Tuesday Trot Through the Blogoshpere
The Warrior Caste

Note to Donnie

Hey D-

First, I gotta say that I am damn proud that we have people like you ready to go. Seriously, man, I am in awe of you signing back up and walking the walk. We need more soldiers like you (except Airborne qualified...what?...). Regardless, we have to have a few beers before you head downrange, my friend (with Eric the Marine).

Anyway, I just wanted to pass along some advice for you since you have been out of the service for a few years. Things might have changed since the last time you wore a uniform.

Remember years ago when we were young(er) officers, ready to go, get things done, make things happen?

Remember how, when you transferred to a new post, and you wanted to get your quarters furnished, you would bring a bottle of Jack Daniels for the Sergeant at the housing warehouse. Pass him the bottle and you would get leather furniture (for a Colonel) instead of wooden furniture (for a Lieutenant).

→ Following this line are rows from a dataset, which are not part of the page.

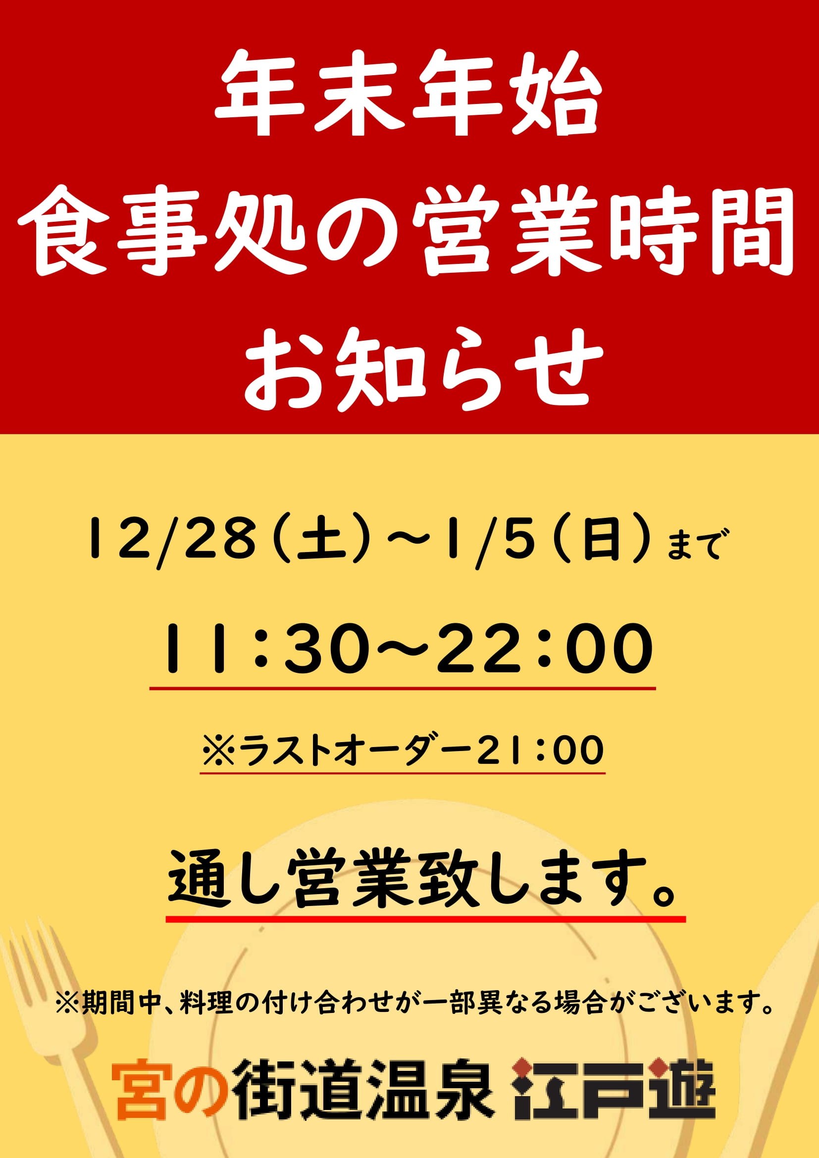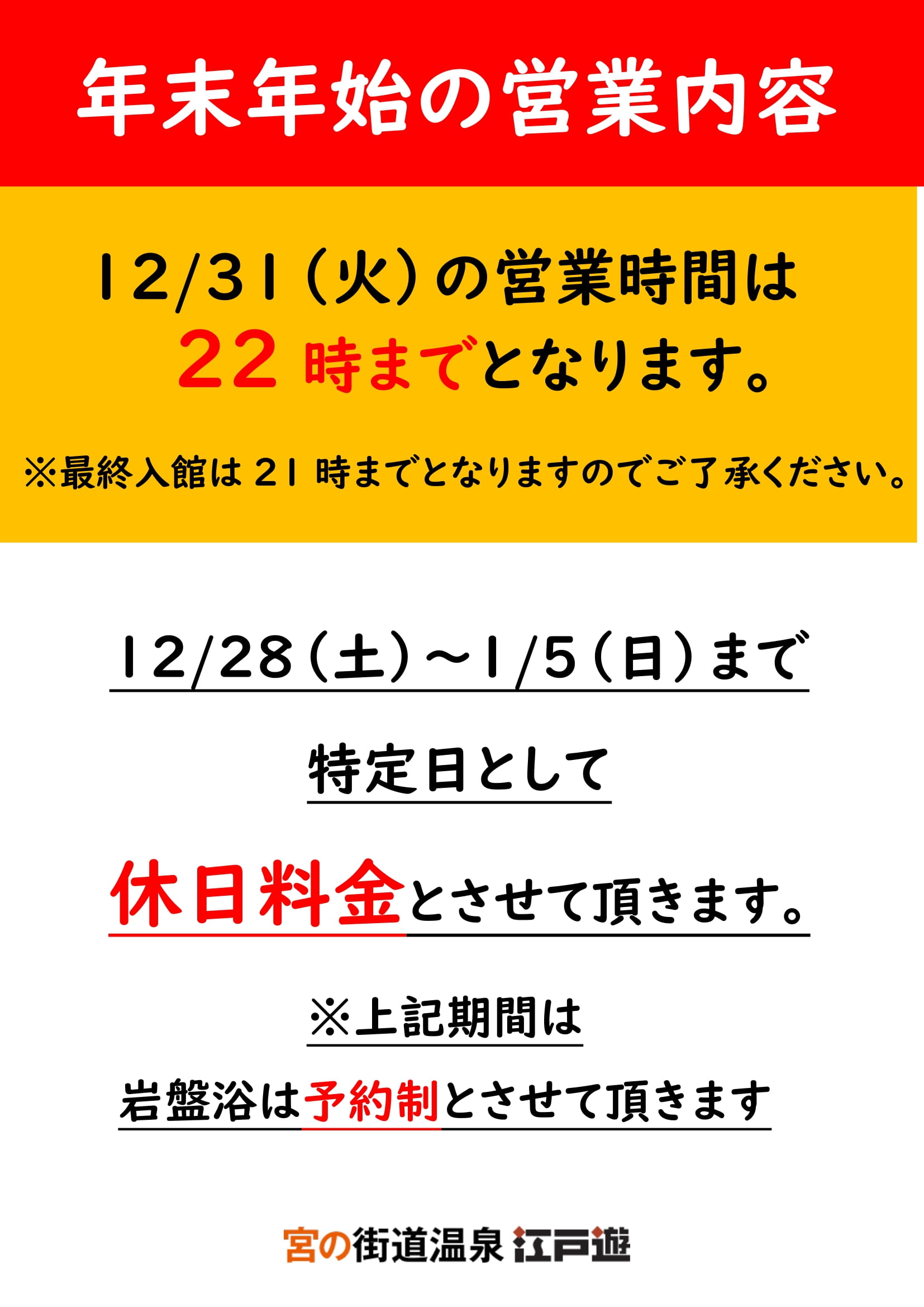 ◇12/31(火)大晦日は、22:00閉店とさせていただきます。(最終入館は21:00となります)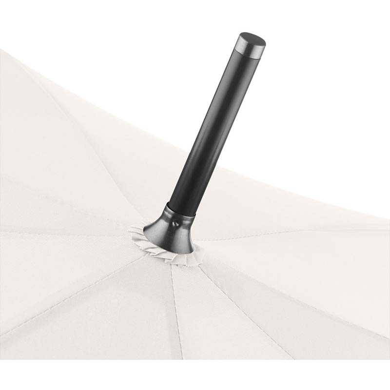 Convenient automatic function for quick opening, high-quality windproof system for maximum frame flexibility in stormy conditions, flexible fibreglass ribs, sturdy steel shaft with higher corrosion protection due to galvanisation, water and dirt repellent cover properties through original Teflon™ fabric protector, Soft-Touch handle and top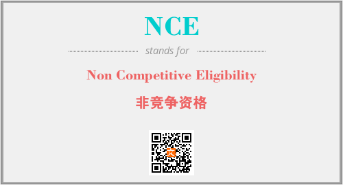 上述内容是“Non Competitive Eligibility”作为“NCE”的缩写,解释为“非竞争资格”时的信息,以及英文缩略词NCE所代表的英文单词,其对应的中文拼音、详细解释以及在英文中的流行度和相关分类、应用领域及应用示例等。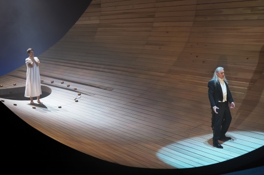 La producción se debe al ruso Dmitry Bertman y, como digo más arriba, es una coproducción del Liceu de Barcelona el Helikon de Moscú, la Opera de Nurenmberg y la Ópera de Burdeos. La producción resulta adecuada dentro de una cierta simplicidad, La escenografía es obra de Hartmut Schörghofer y consiste en un gran túnel de madera que va del frente al fondo del escenario, cerrándolo un gran globo, en el que se proyectan imágenes relativas a la ubicación de las distintas escenas. El vestuario es moderno y también obra de Hartmut Schörghofer. Hay que destacar la estupenda iluminación de Thomas C. Hase.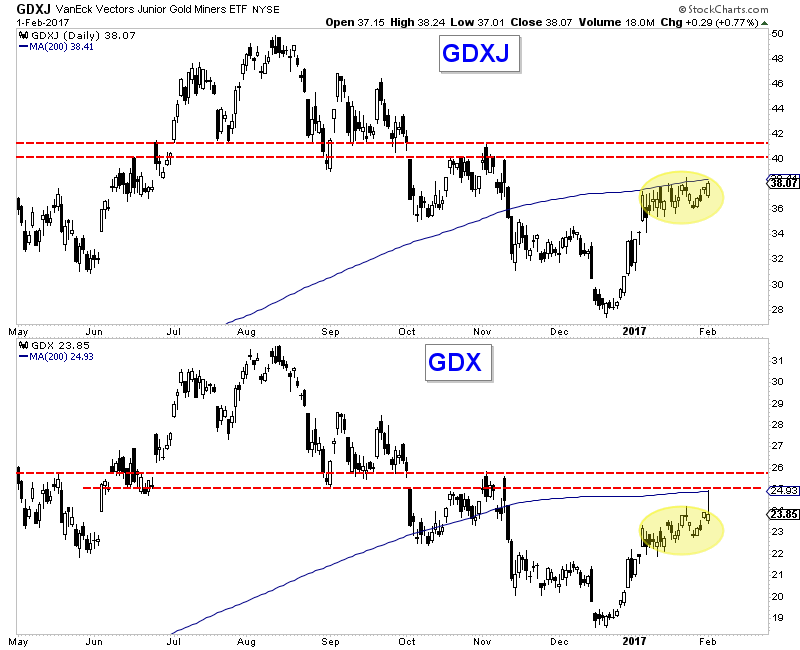 Take a look at a weekly chart and you will notice the significance of those aforementioned targets. The bar weekly charts of GDX and GDXJ are shown below. GDX $26 and GDXJ $41 mark the strongest resistance moving forward. Those levels have been tested 8 times in the past four years compared to the 2013 and 2016 highs which have been tested only 3 times. It’s unlikely the miners break resistance ($26 and $41) on the first try.
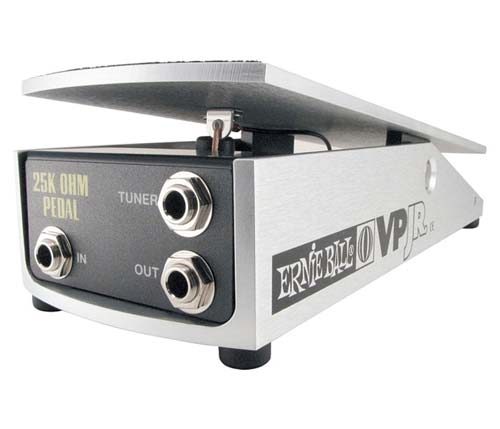 The Ernie Ball VP Junior 25K Active Volume Pedal has a rugged, compact design that provides more floor space and features a 25kOhm pot optimized for the hot signal of active instrument pickups. The pedal's tuner output allows silent tuning in the heel-down pedal position.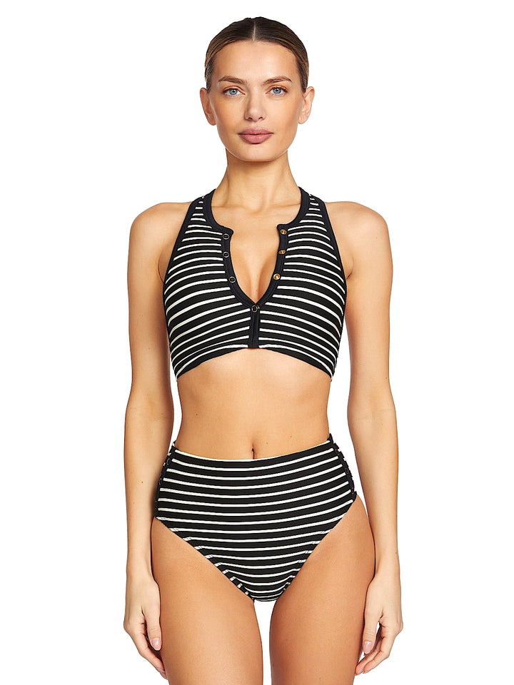 Regular price $118.00 - Liquid error (snippets/product-template line 204): Computation results in '-Infinity'%This stylish bikini features a tank-style top with a racerback design and a deep scoop neckline, accented by gold-tone buttons for a chic touch. The high-waisted bottom enhances the silhouette with a flattering fit, while the bold black-and-white striped pattern exudes timeless sophistication. Designed for both style and comfort, this set is perfect for making a refined statement at the beach or poolside.

These are the things that Mustangs know about. Knowing these kind of things gave us an advantage over our West Pointer counter-parts. Needed a range? Pull the bottle of Jack out of your car and slip it to Range Control Sergeant and *voila!* your unit is on the range. We could make things happen with a kind word or a bottle of Jack or a thinly veiled threat to beat the shit out of some pompous-ass paper-pusher.

Well, the Army doesn't work that way any more. I know, it's sad. It's really fucking sad.

Three years ago, I was trying to get a Sergeant a physical in order to attend Air Assault School. She was a last minute approval so she wasn't scheduled for a physical, and I knew I was going to have to try something to get her one. I thought two nice bottles of Jack and Jose' might get her in the door. The Hospital NCO told me to take my bottles and shove it.

That's when my Sergeant Major brought bran muffins to the Hospital NCO.

That's right, fucking B.R.A.N. M.U.F.F.I.N.S.

Next thing you know, my Sergeant had her physical. My Sergeant Major just laughed and said, "Sir, it REALLY is the new Army." He patted me on the back while I cursed Clinton and his wilting of the military...

That's when I knew my time had arrived to start thinking about a career in I.T. where booze is still an appreciated form of bribery.

Good luck, my friend!

"Rangers Lead The Way!"...to the fucking Bran Muffins.